[Start of Attachment]

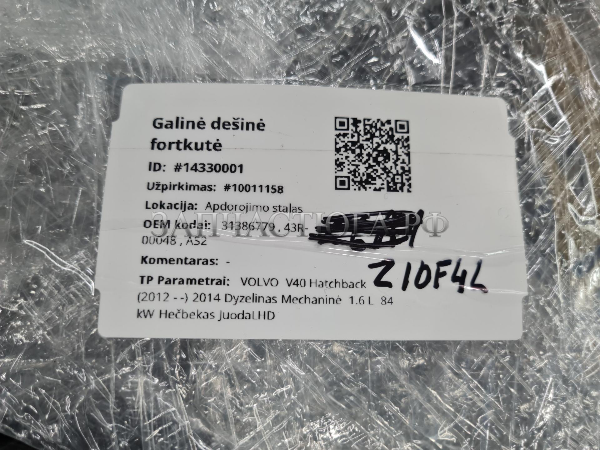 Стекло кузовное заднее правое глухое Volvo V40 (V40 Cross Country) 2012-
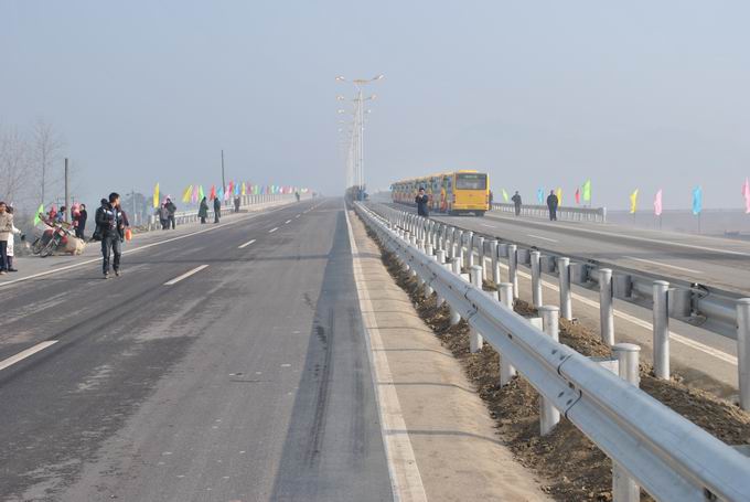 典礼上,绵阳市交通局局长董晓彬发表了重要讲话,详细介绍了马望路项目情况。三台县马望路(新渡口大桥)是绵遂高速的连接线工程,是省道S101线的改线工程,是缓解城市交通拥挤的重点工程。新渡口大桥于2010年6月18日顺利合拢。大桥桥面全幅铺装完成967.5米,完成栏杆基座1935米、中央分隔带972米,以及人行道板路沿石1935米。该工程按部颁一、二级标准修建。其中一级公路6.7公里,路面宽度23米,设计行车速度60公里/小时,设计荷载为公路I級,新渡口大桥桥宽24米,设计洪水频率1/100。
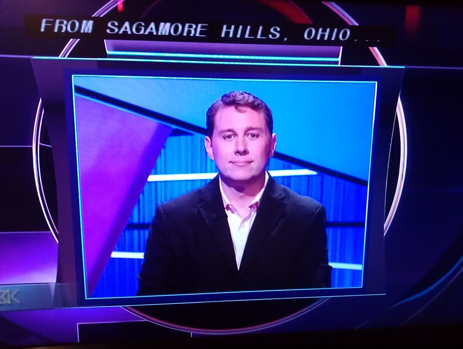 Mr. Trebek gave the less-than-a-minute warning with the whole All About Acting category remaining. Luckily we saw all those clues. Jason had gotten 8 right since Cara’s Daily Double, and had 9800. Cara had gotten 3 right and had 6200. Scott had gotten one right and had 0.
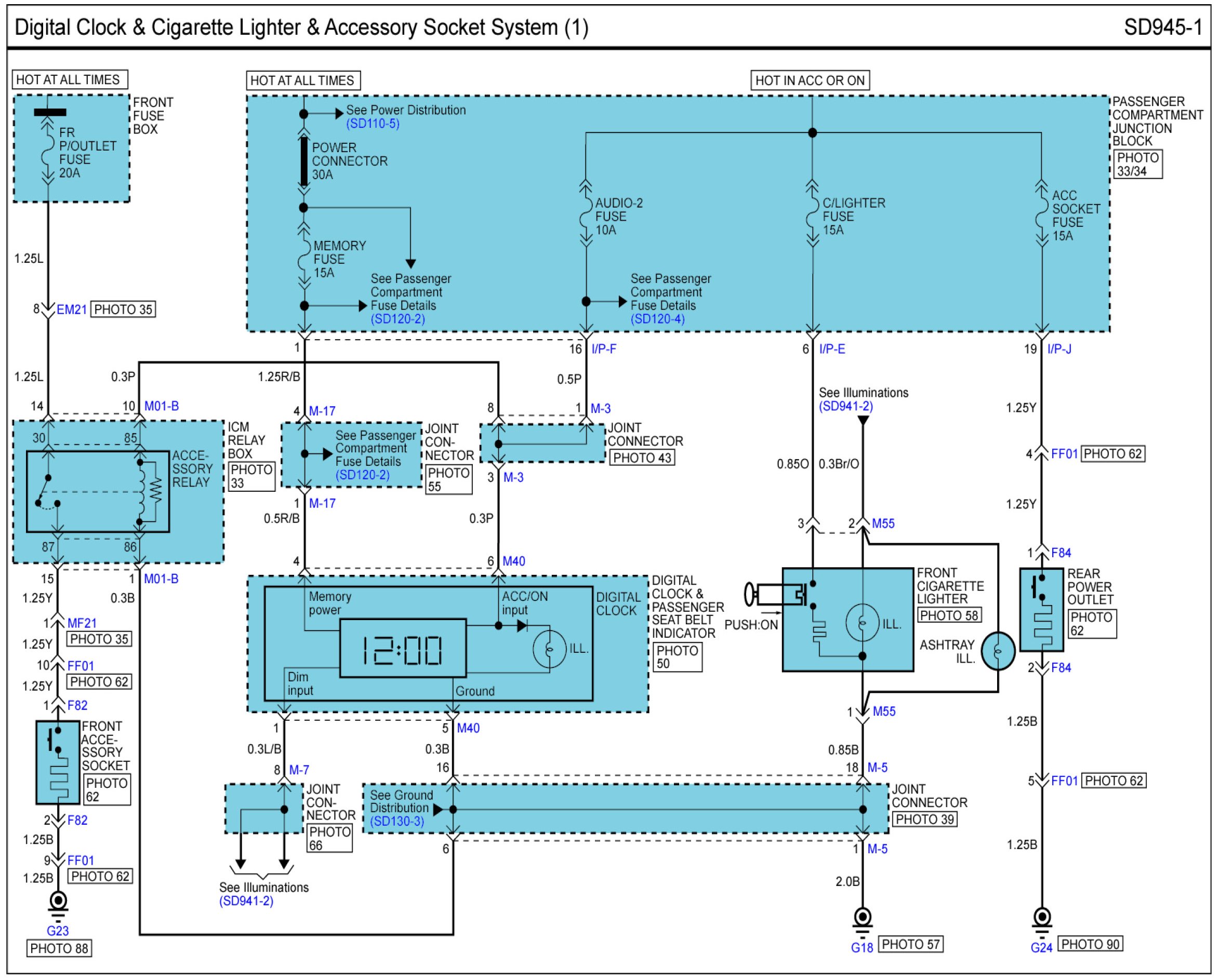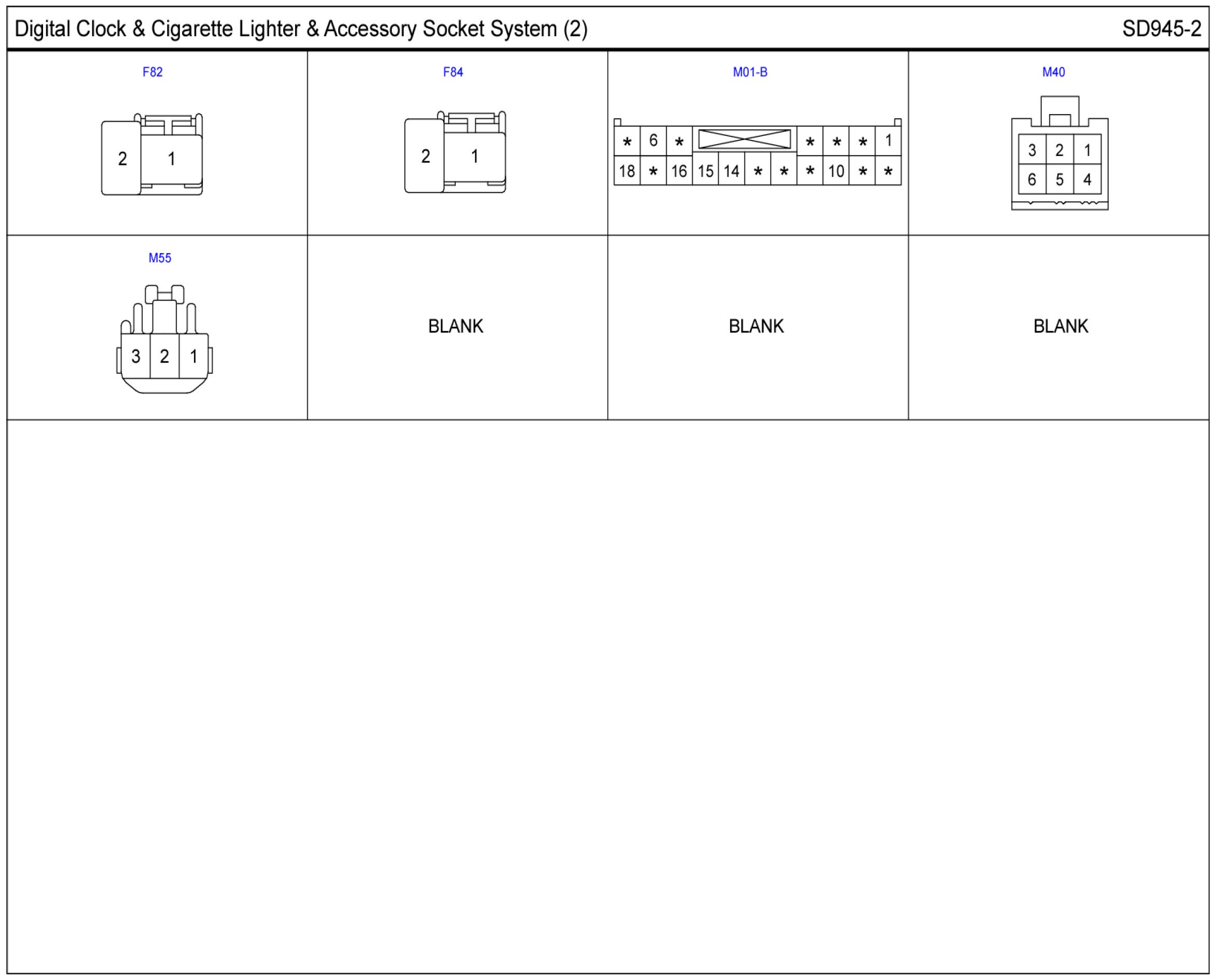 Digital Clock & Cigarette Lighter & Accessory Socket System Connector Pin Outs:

[End of Attachment]
[Start of Attachment]

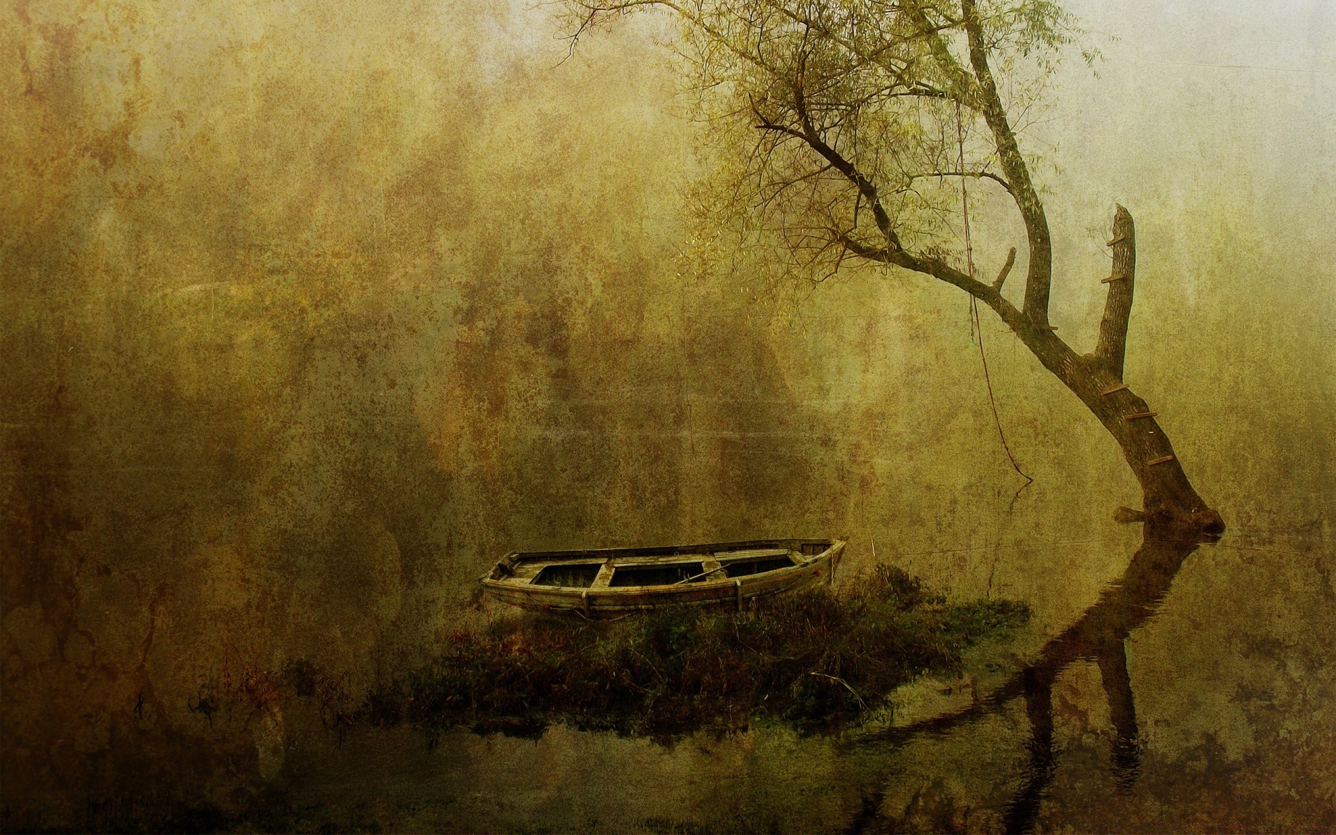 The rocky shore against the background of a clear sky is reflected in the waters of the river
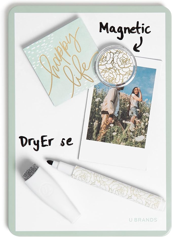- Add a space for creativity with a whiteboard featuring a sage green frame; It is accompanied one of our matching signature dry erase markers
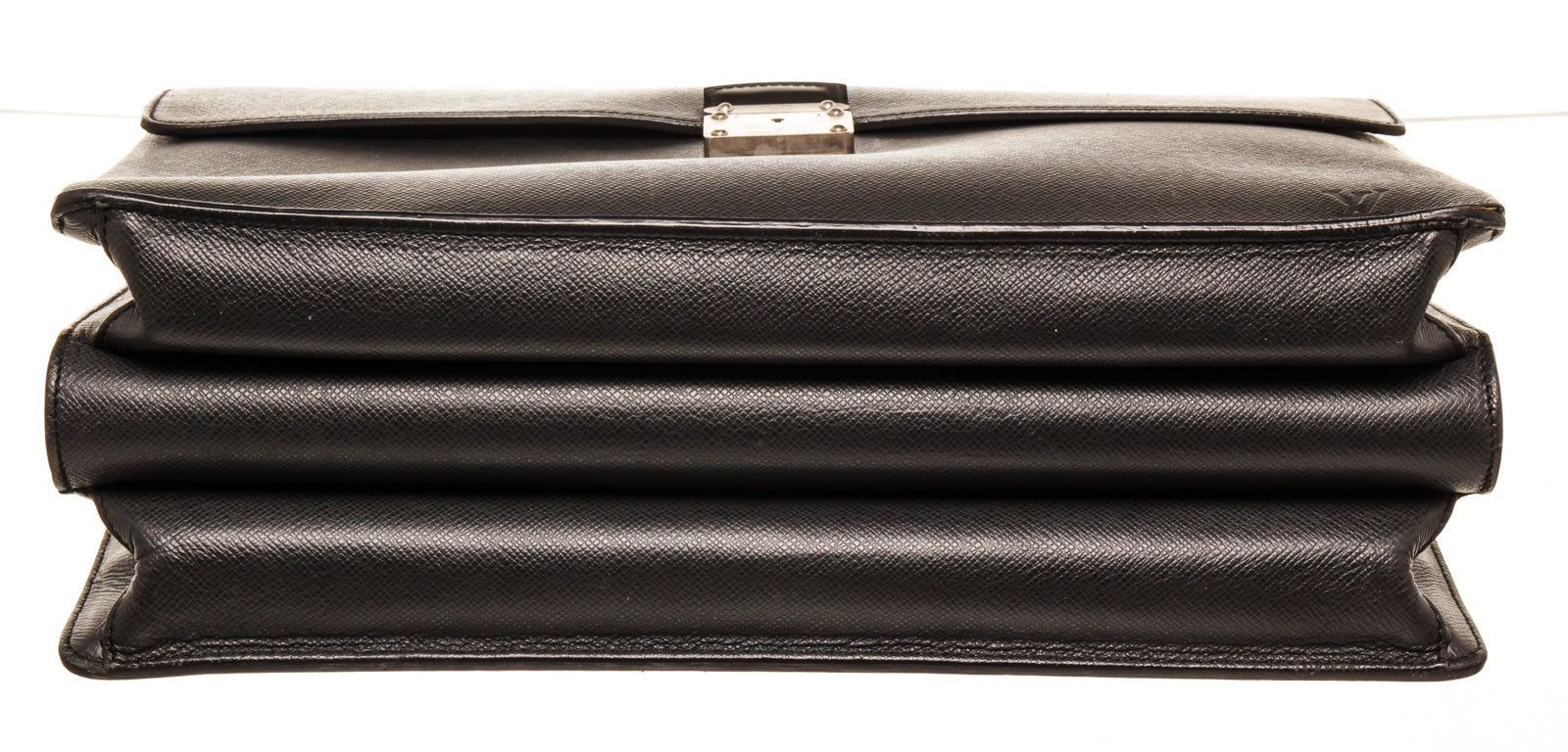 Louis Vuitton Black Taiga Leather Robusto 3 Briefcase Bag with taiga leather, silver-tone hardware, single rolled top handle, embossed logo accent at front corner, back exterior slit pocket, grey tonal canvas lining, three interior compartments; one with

[End of Attachment]
[Start of Attachment]

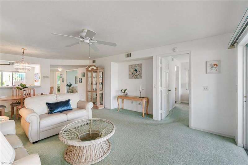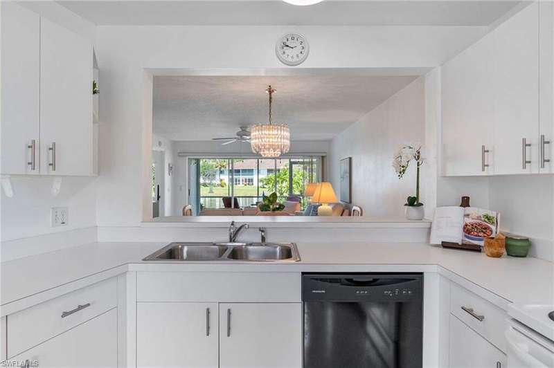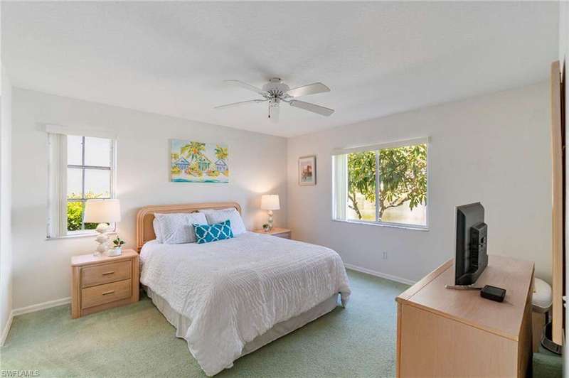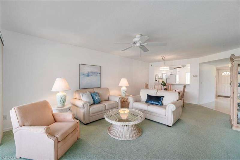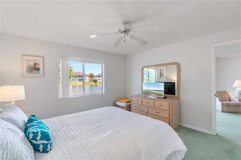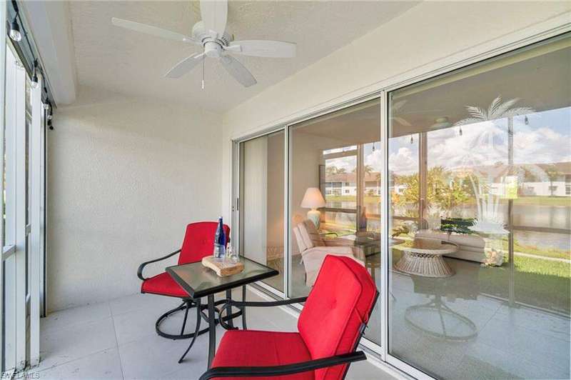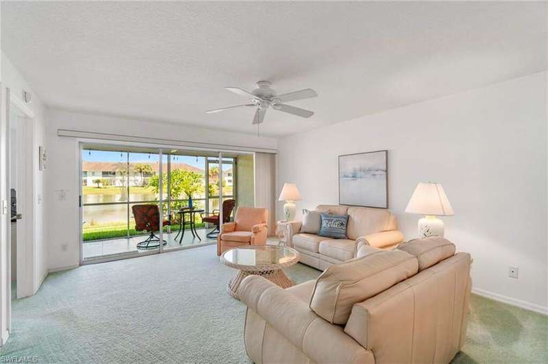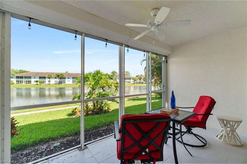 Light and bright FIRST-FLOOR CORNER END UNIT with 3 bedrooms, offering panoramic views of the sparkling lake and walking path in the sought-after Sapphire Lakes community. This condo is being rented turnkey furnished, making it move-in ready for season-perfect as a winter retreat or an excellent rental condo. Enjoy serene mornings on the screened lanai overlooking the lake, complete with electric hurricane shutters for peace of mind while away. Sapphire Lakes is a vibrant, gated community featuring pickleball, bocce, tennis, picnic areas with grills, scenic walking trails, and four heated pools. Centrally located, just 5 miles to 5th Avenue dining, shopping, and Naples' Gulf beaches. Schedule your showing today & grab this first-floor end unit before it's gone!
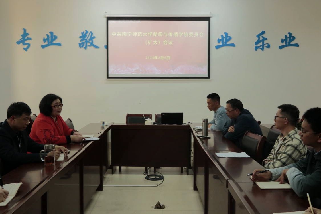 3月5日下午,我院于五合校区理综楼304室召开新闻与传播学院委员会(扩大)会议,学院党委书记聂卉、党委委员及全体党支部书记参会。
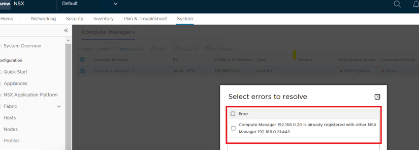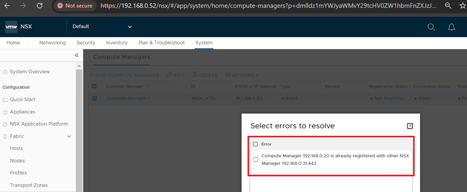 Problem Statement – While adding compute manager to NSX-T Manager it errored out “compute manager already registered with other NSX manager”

[End of Attachment]

**Your instructions:** Copy out the listing above from the line containing "3月5日下午,我院于五合校区" to the line containing "Problem Statement –", both included, exactly as written and minus the images.

**Your solution:**
 3月5日下午,我院于五合校区理综楼304室召开新闻与传播学院委员会(扩大)会议,学院党委书记聂卉、党委委员及全体党支部书记参会。
 Problem Statement – While adding compute manager to NSX-T Manager it errored out “compute manager already registered with other NSX manager”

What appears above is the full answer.